▶ INSTRUCTIONS TO FOLLOW
Required from the data below: the exact lines starting at the line containing "堂内では、観音様と御縁を結ぶ" and ending at the line containing "충청남도서산교육지원청은 지난 21일", with both ends kept and all pictures dropped.

▶ INFORMATION SHOWN
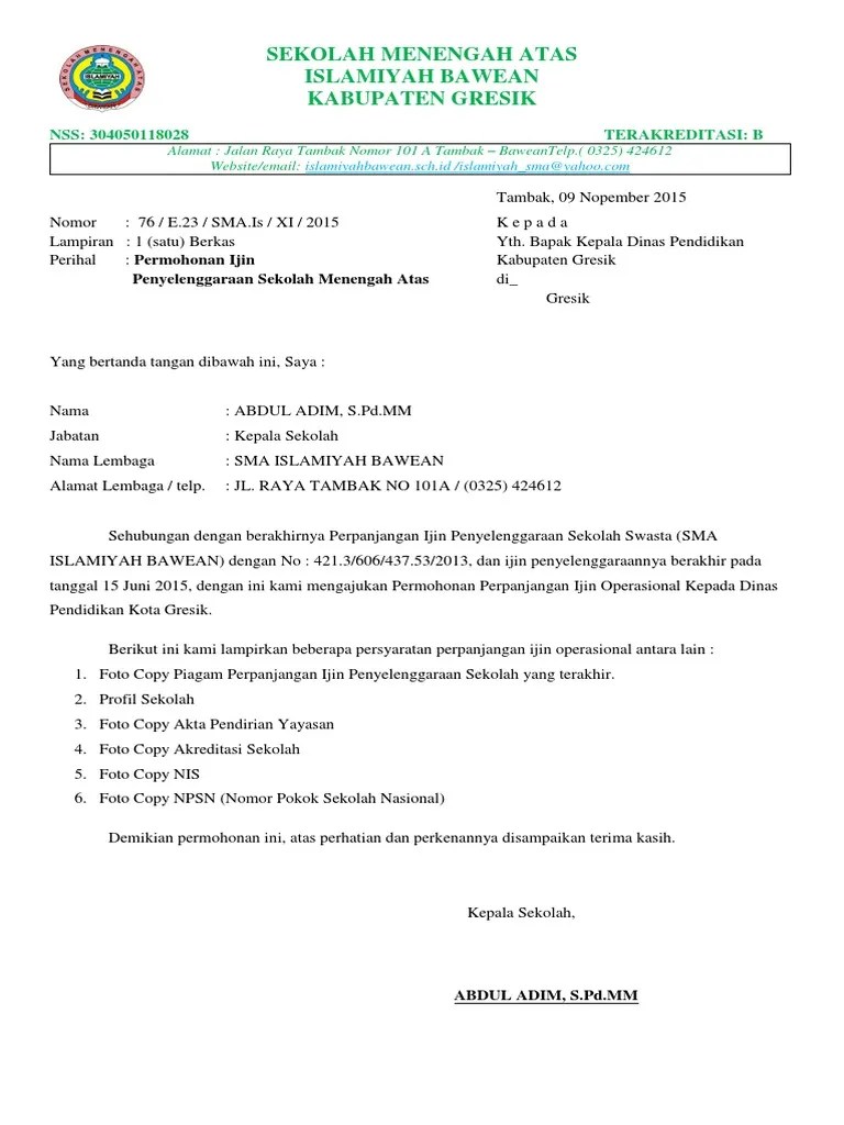 Surat pernyataan tanggung jawab mutlak. Bendel permohonan perpanjanganijin penyelenggaraan sekolah swasta1.surat permohonan 2.profil sekolah3.ijin penyelenggaraan sekolah swasta4. Kumpulan gambar tentang contoh surat permohonan izin operasional sekolah, klik untuk melihat koleksi gambar lain di kibrispdr.org. Memberikan perpanjangan izin operasional sekolah swasta kepada : 6, izin prinsip sekolah menengah atas (sma) fotokopi.
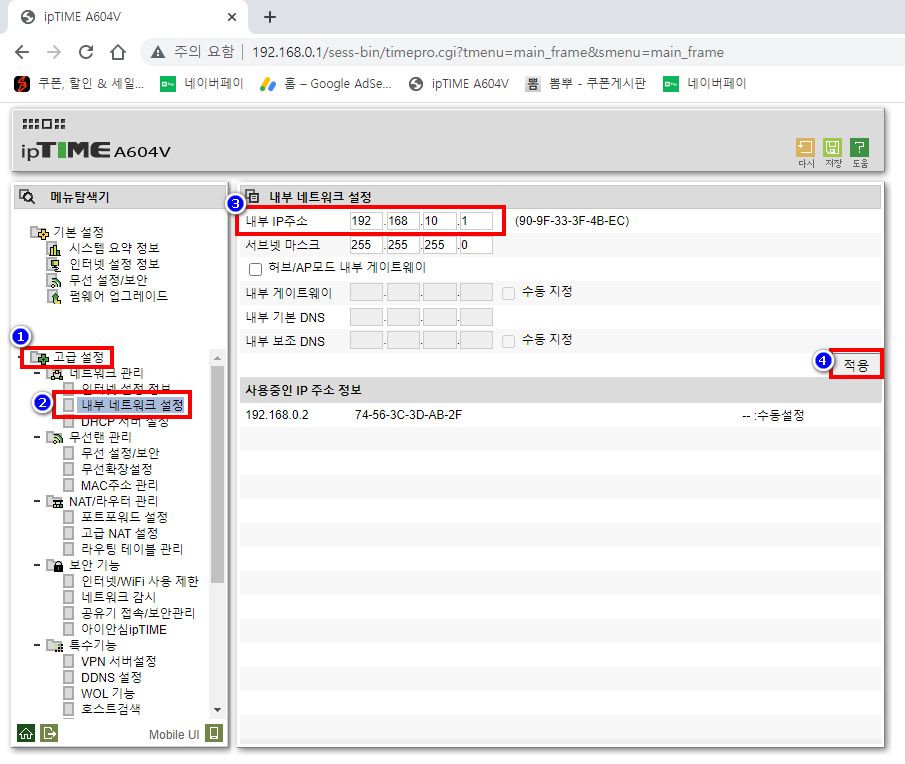 *나는 192.168.1.1 설정을 하니 마지막 단계에서 IP 충돌 오류가 나서 192.168.10.1로 다시 설정하니 잘 되더라.
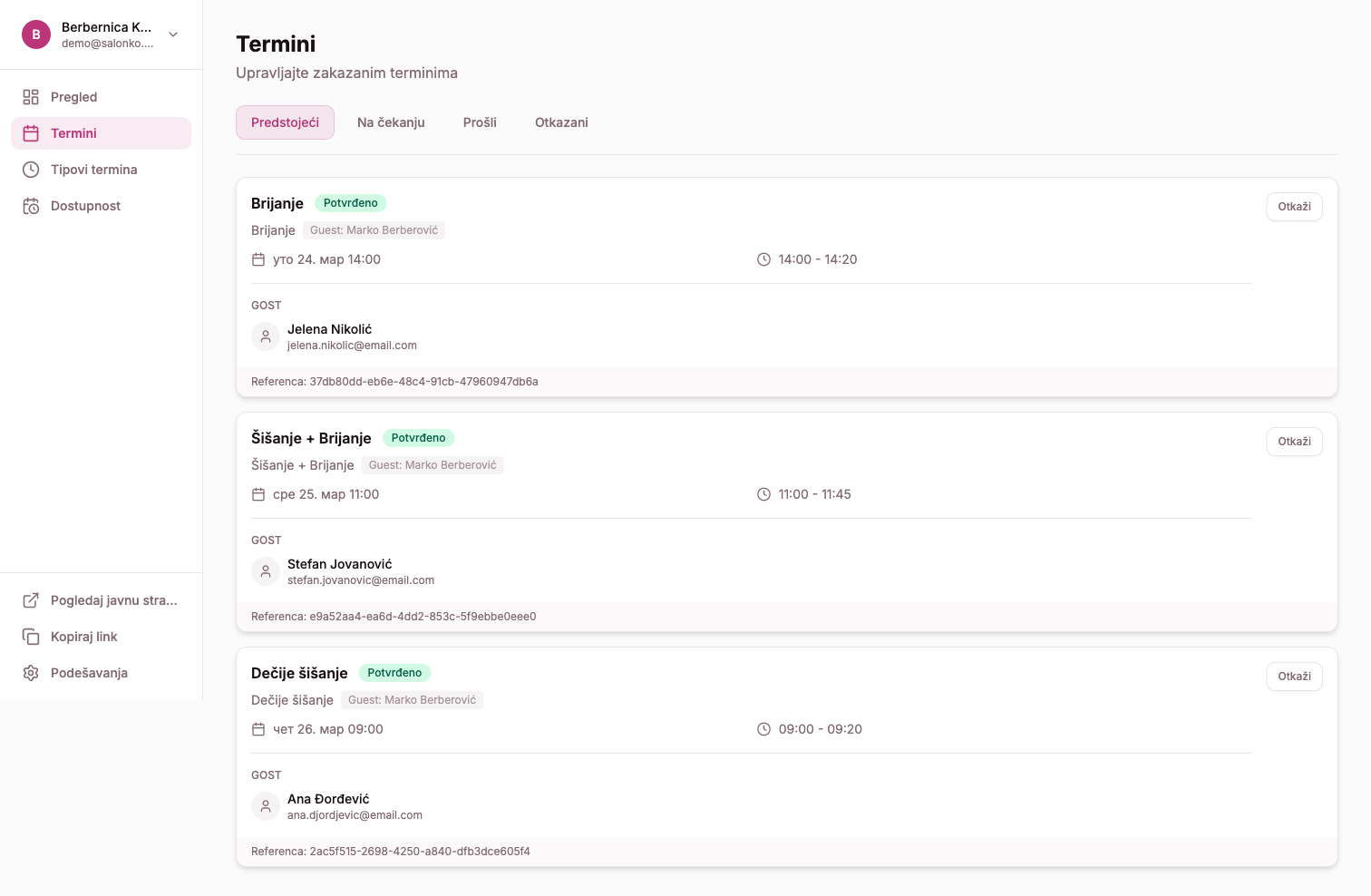Kontrolna tabla ti omogućava kompletan pregled i upravljanje svim terminima u tvom salonu.
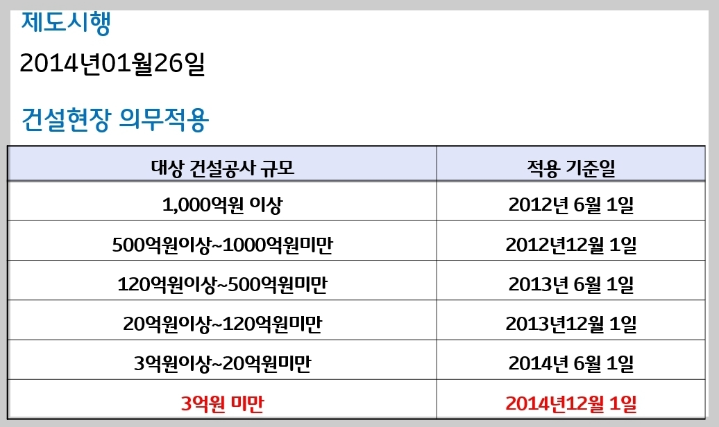 첨부된 표처럼, 건설공사 규모에 따라 적용 시점이 조금씩 달랐지만 2014년 12월 1일부터는 3억 원 미만 소규모 공사 현장도 적용 대상에 포함되면서 사실상 대부분의 건설현장에 기초안전보건교육 의무가 전면 확대됐다고 보시면 됩니다.
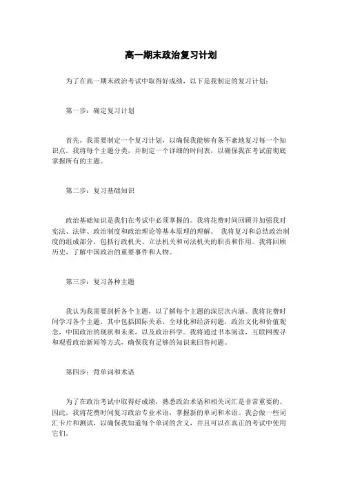 高一期末政治复习计划5篇
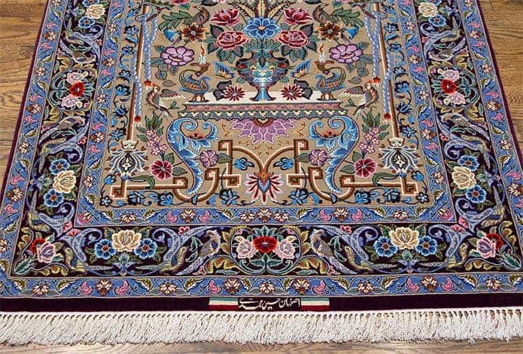 Versatility is one of the standout features of this magnificent piece. It is suitable for a variety of uses, whether you wish to display it as a stunning wall hanging or place it on the floor as a captivating centerpiece. No matter how it is utilized, this purple Persian Isfahan rug will undoubtedly create an illusion of space, class, and artistry, making it a treasured addition to your decor. Indulge in the luxury and refinement that this unique purple Persian Isfahan rug offers.
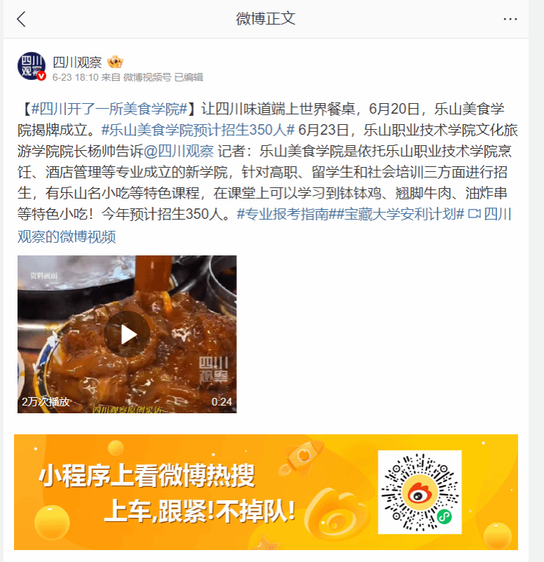 四川职教发布:乐山美食学院成立,开启职业教育赋能美食产业发展新篇章
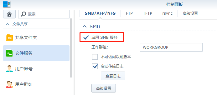 2、在控制面板>文件服務(wù)>啟用SMB服務(wù)
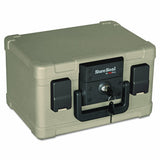 30 Minute UL Class 350 Fire rating withstands temperatures up to 1550 degrees F48 hour water protection to keep contents dry, safeguard against bursting water pipes and floodsProtects CDs/DVDs, flash drives, portable hard drives, birth certificates, passports and other valuable items from fire and water damageInternal dimensions: 9.6 W x 6 D x 4.5 H Inches - holds #10 envelopesUnit will float when water is present making it easy to find in the event of a disasterSecure locking chest with dual compression latches and handle for easy transportFree lifetime replacement after fire guarantee, 7 year limited warranty against defects
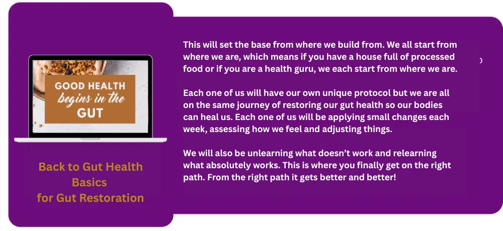 Each person is unique, each gut is unique, and each health situation is unique. We are all working on Going back to basics but each of us will be making our own changes that fit us. We answer your questions and help you if you get stuck. The Facebook Group is filled with people on the same journey.
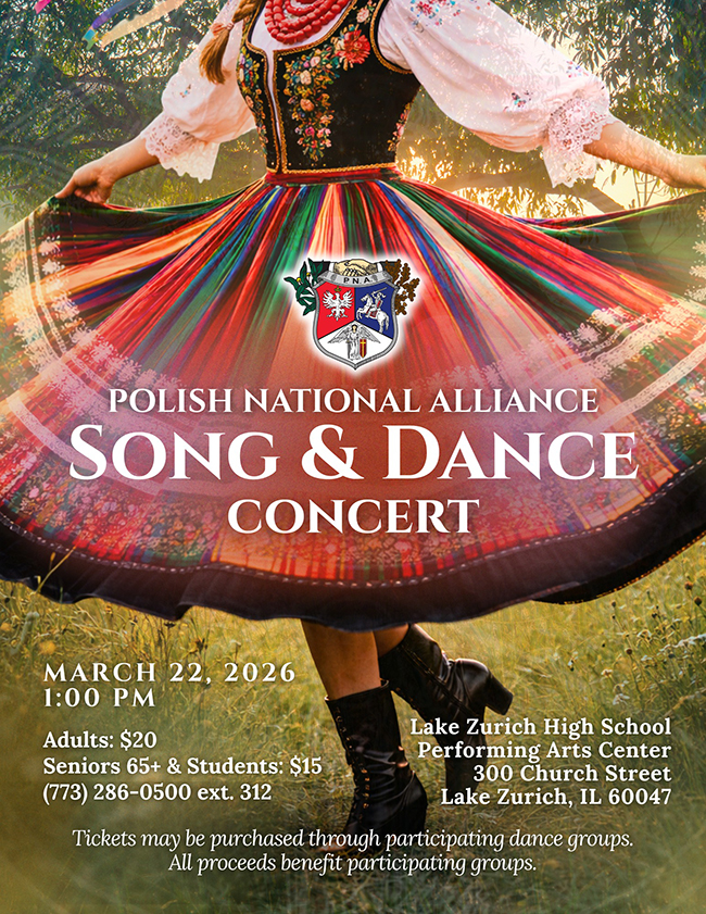 Doroczny koncert zespołów Związku Narodowego Polskiego odbędzie się w niedzielę, 22 marca o godz. 1 pm w Lake Zurich High School Performing Arts Center przy 300 Church Street w Lake Zurich. Bilety: 20 dol., seniorzy (65+) i studenci: 15 dol. Informacje: (773) 286-0500 ext. 312.
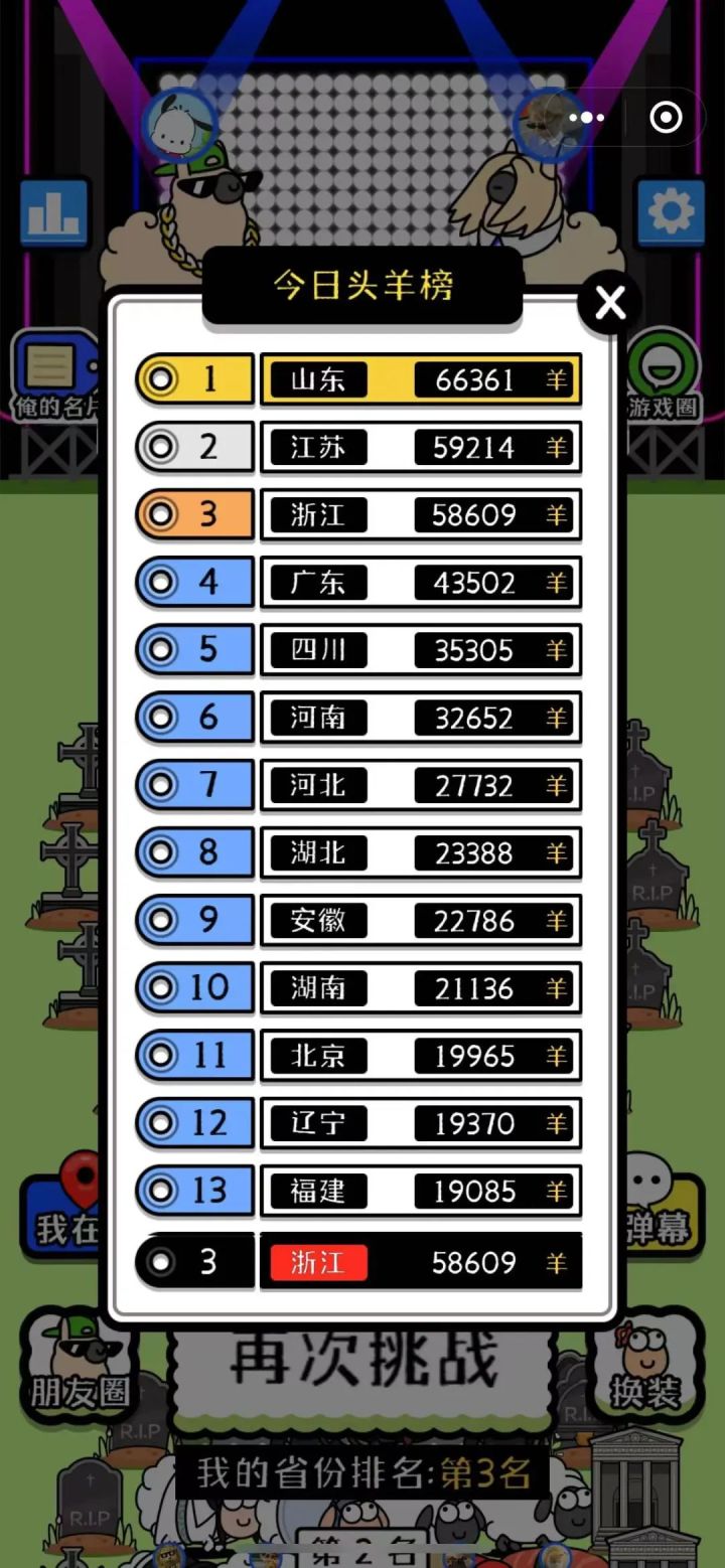 例如13日是地域划分的阵营挑战,玩家通关后能进入到省级地区榜单,助力当地排名。此番设计也极大地刺激了玩家参与度,不少网友纷纷表示要“为省出战”。最终,北京羊队位居第一,首个通关玩家则来自澳大利亚,最快通关纪录同样来自北京。
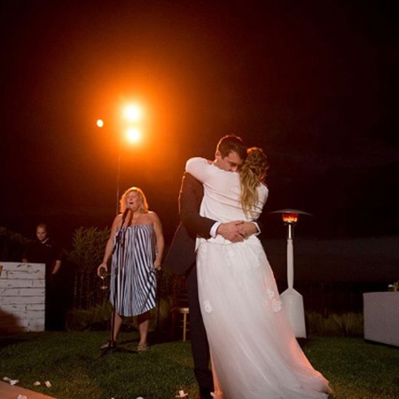 Судя по многочисленным снимкам в соцсети, свадьба пела и плясала до ночи: гости по очереди подходили к микрофону, и невеста тоже не отставала от них в этом деле.
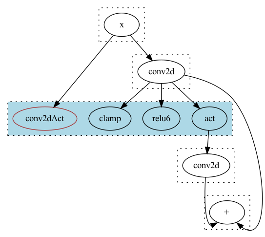 假设我们导入的模型有卷积/激活等算子,在Cpu上我们支持的Relu6/Clamp算子,他们的Cost分别为60,70. 后端支持卷积Conv,通用激活Act,以及卷积+通用激活ConvAct, 设他们的Cost分别为100,50,125. 其中执行ConvAct肯定是快于分别执行Conv和Act.
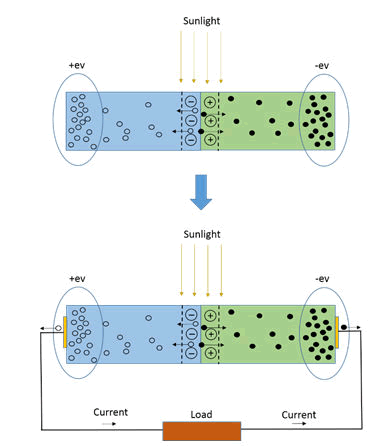 After breaking the covalent bonds inside the depletion layer, large number of the electron-hole pairs is generated. These charge carriers accelerated through the ions present in the depletion layer [10]. In the case of electrons, the acceptor ion applies a repulsive force on the electrons due to which electrons migrates to the n-type region. These photo generated electrons are accumulated at the end of the n-type region. In the case of the holes, donor ions apply a repulsive force to the holes due to which the holes migrate to the p-type region and accumulated at the end of the p-type region. Due to the accumulation of the charge carriers (i.e., electrons in n-type and holes in p-type), a charge is created at the end. At the p-side, positive charge is created and at the n-side, negative charge is created. Overall, a potential difference is created between the both ends of the device. Now, when a load is connected across the device, due to the potential difference, a current is flow through the load. The voltage generated by the single solar cell is very low, that is why multiple solar cells are connected in series in order to generate the high voltage.
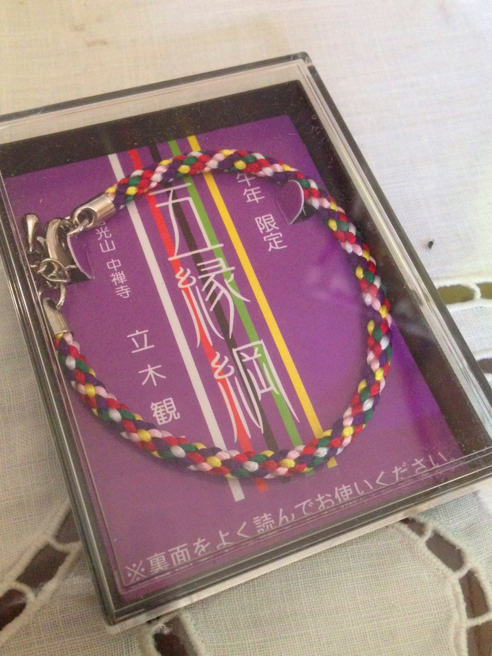 堂内では、観音様と御縁を結ぶ「五縁綱」というお品がいろいろと売られていましたので、記念にブレスレットを買い求めて来ました。
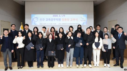 충청남도서산교육지원청은 지난 21일 서산교육지원청 대회의실에서 2025년 3월 1일 자 신규 교육공무직원 임용장 교부식과 정년퇴직자 송공패 수여식을 개최했다.
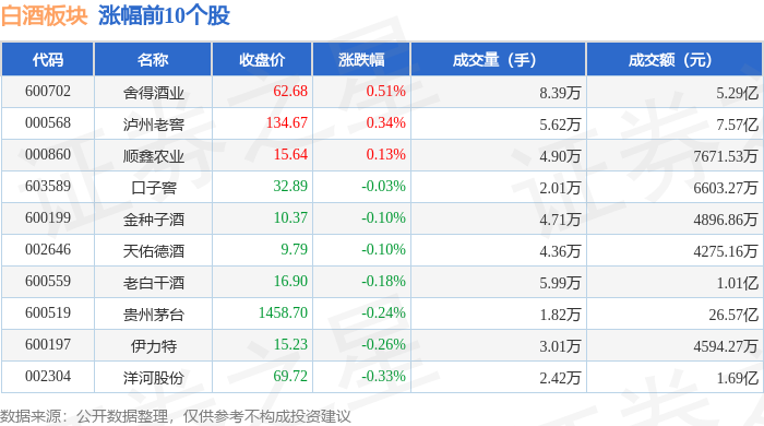 从资金流向上来看,当日白酒板块主力资金净流出1.88亿元,游资资金净流入1991.9万元,散户资金净流 入1.68亿元。白酒板块个股资金流向见下表: | 代码 | 名称 | 收盘价 | 涨跌幅 | 成交量(手) | 成交额(元) | | --- | --- | --- | --- | --- | --- | | 600702 | 舍得酒业 | 62.68 | 0.51% | 8.39万 | 5.29亿 | | 000568 | 泸州老窖 | 134.67 | 0.34% | 5.62万 | 7.57亿 | | 000860 | 顺鑫农业 | 15.64 | 0.13% | 4.90万 | 7671.53万 | | 685580 | 口子警 | 32.89 | -0.03% | 2.01万 | 6603.27万 | | 661009 | 金种子酒 | 10.37 | -0.10% | 4.71万 | 4896.86万 | | 002646 | 天佑德酒 | 9.79 | -0.10% | 4.36万 | 4275.16万 | | 600559 | 老白干酒 | 16.90 | -0.18% | 5.99万 | ...

▶ RESULT
 堂内では、観音様と御縁を結ぶ「五縁綱」というお品がいろいろと売られていましたので、記念にブレスレットを買い求めて来ました。
 충청남도서산교육지원청은 지난 21일 서산교육지원청 대회의실에서 2025년 3월 1일 자 신규 교육공무직원 임용장 교부식과 정년퇴직자 송공패 수여식을 개최했다.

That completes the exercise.